*WORK INSTRUCTIONS:*
Exactly the lines below from the line with "今日はいつもの英語支援員さん" through the line with "Škola primijenjene umjetnosti" must make up the answer, both ends included and pictures left out.

*RECORDED INFORMATION:*
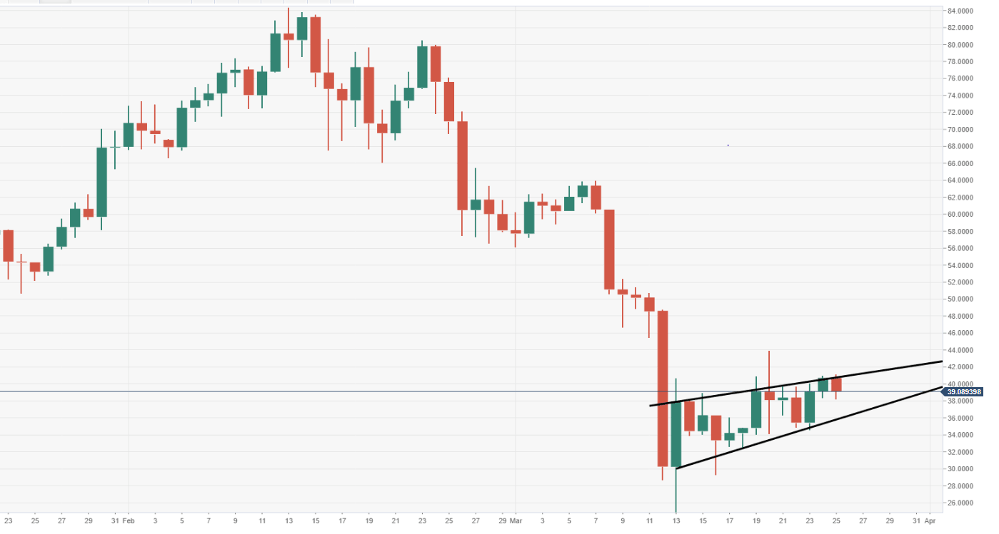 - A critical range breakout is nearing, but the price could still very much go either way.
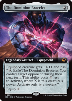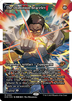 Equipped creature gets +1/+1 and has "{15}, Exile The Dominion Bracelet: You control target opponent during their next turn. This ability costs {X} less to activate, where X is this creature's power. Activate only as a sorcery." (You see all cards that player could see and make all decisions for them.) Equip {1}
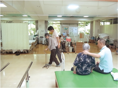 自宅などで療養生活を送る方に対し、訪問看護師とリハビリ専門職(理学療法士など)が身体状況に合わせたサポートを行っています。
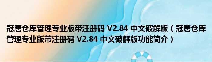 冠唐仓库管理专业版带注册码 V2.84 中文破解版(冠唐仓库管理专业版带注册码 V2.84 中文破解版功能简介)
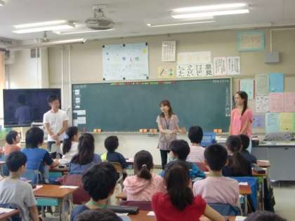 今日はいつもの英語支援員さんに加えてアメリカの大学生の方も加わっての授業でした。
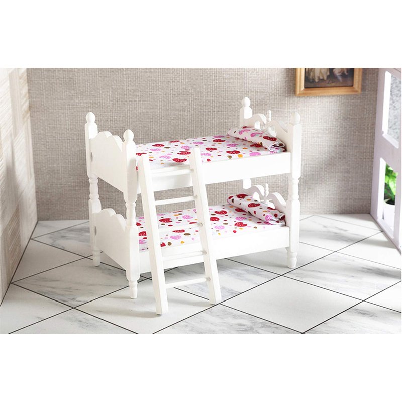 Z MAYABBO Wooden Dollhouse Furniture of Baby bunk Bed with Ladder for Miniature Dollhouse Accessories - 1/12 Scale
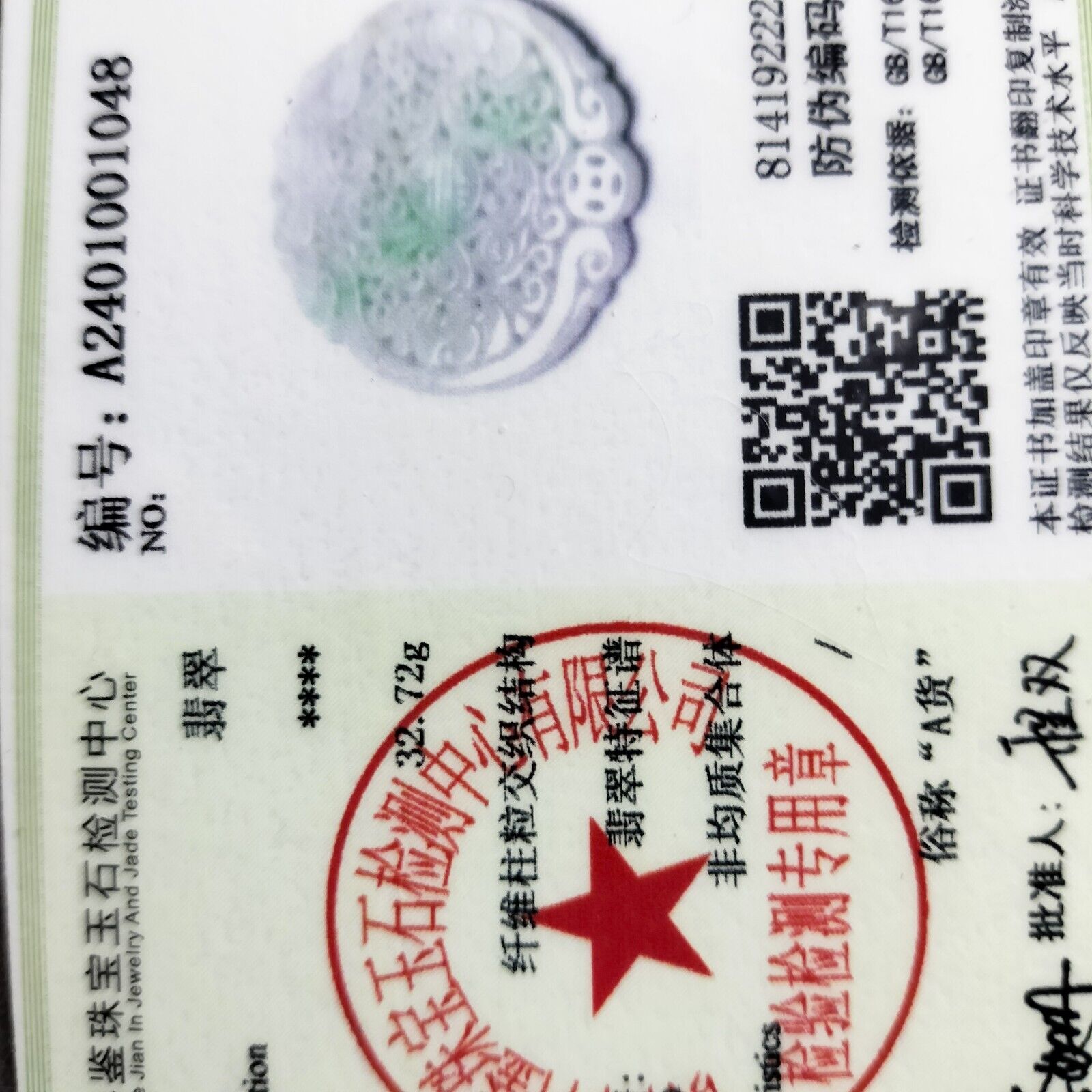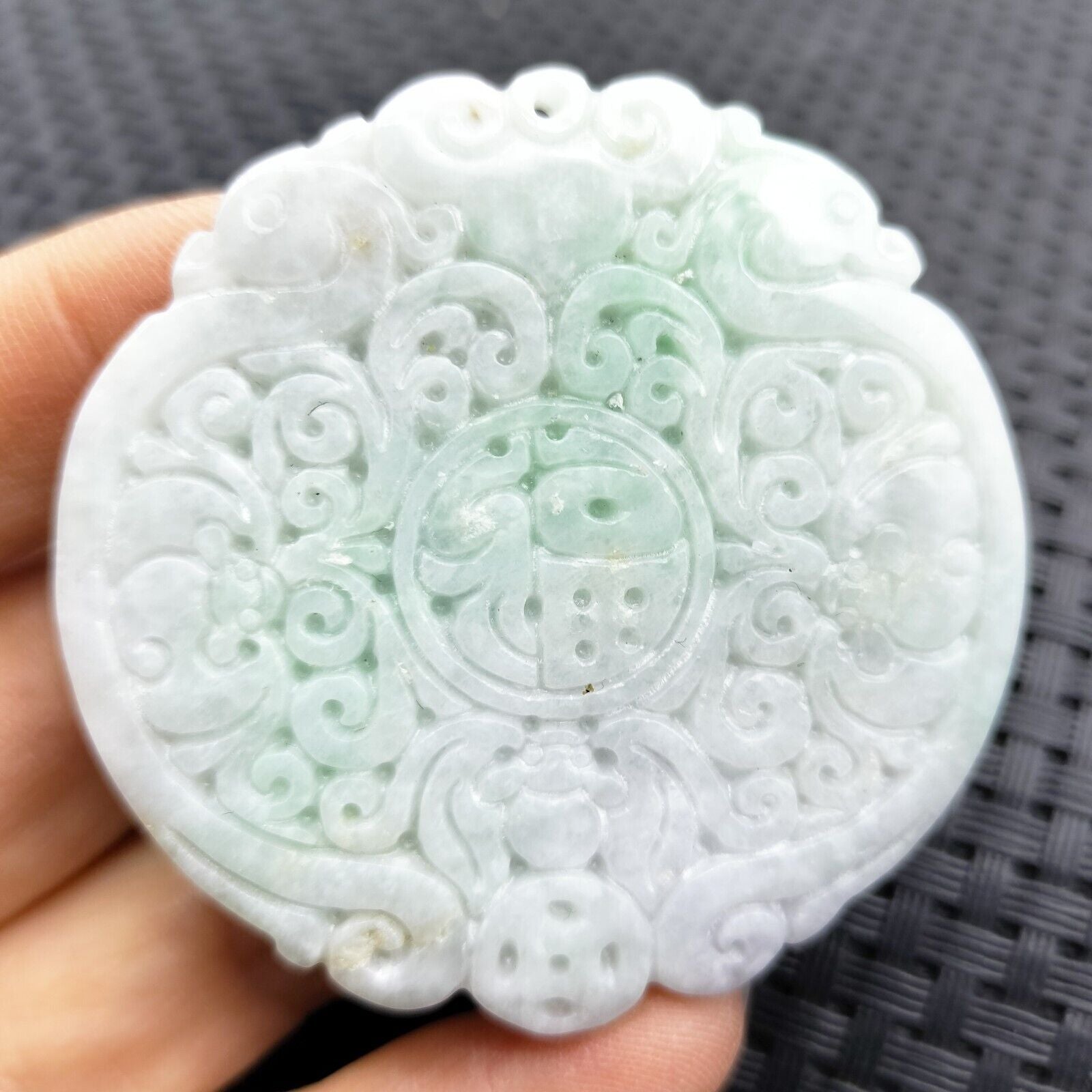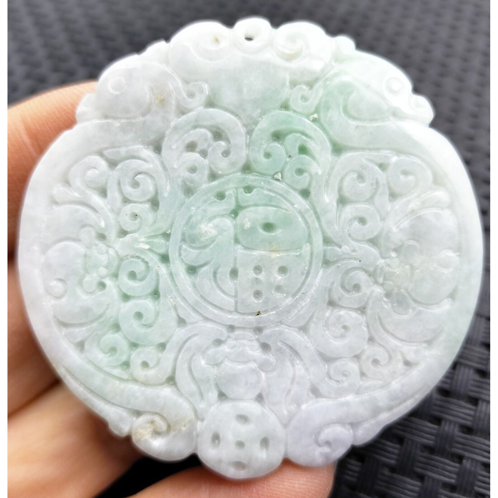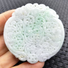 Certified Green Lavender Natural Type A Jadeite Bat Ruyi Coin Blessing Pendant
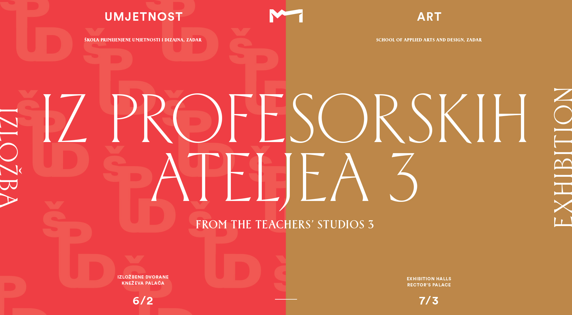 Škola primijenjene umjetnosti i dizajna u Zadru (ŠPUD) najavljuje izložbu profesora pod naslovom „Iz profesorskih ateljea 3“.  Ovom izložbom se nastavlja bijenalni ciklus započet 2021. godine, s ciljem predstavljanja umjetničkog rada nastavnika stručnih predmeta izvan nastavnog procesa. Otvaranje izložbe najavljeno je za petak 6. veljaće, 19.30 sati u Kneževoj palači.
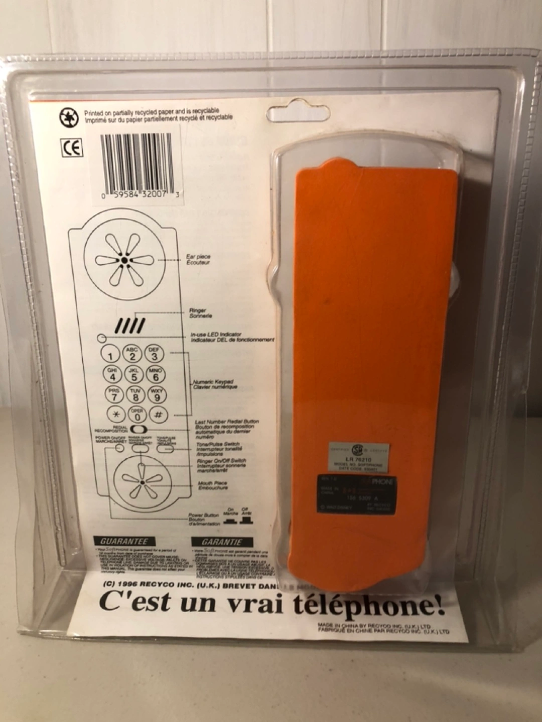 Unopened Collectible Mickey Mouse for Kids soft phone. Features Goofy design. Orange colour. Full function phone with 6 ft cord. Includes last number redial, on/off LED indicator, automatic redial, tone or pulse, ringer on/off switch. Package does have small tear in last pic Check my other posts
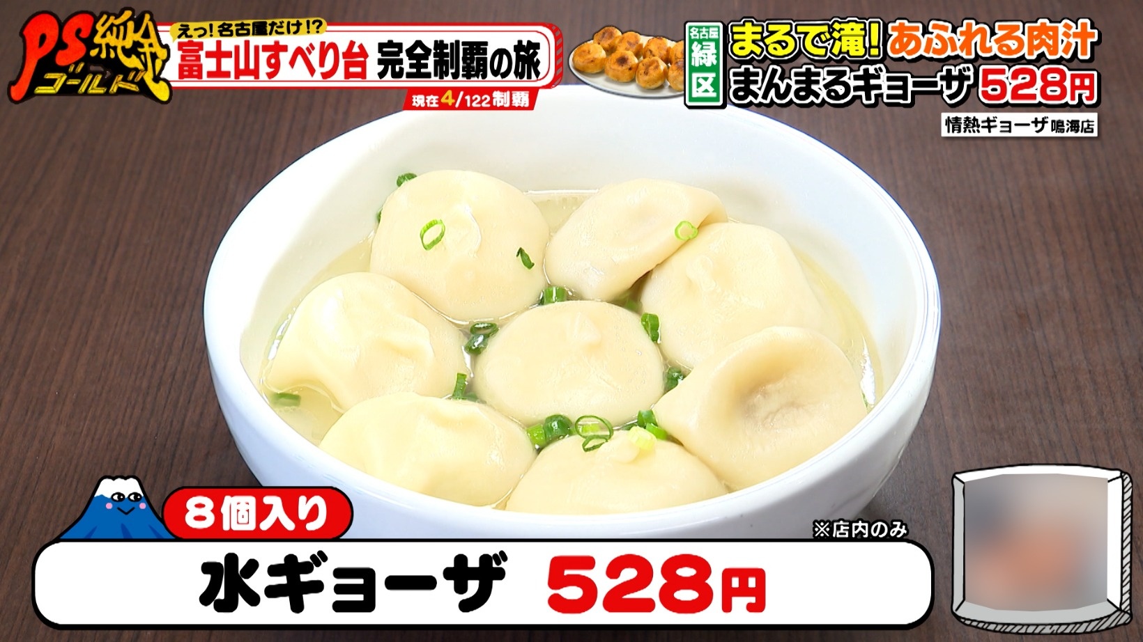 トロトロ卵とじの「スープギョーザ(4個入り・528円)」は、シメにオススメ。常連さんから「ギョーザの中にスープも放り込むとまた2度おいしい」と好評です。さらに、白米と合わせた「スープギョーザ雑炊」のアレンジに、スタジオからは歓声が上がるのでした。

*RESPONSE AREA:*
 今日はいつもの英語支援員さんに加えてアメリカの大学生の方も加わっての授業でした。
 Z MAYABBO Wooden Dollhouse Furniture of Baby bunk Bed with Ladder for Miniature Dollhouse Accessories - 1/12 Scale
 Certified Green Lavender Natural Type A Jadeite Bat Ruyi Coin Blessing Pendant
 Škola primijenjene umjetnosti i dizajna u Zadru (ŠPUD) najavljuje izložbu profesora pod naslovom „Iz profesorskih ateljea 3“.  Ovom izložbom se nastavlja bijenalni ciklus započet 2021. godine, s ciljem predstavljanja umjetničkog rada nastavnika stručnih predmeta izvan nastavnog procesa. Otvaranje izložbe najavljeno je za petak 6. veljaće, 19.30 sati u Kneževoj palači.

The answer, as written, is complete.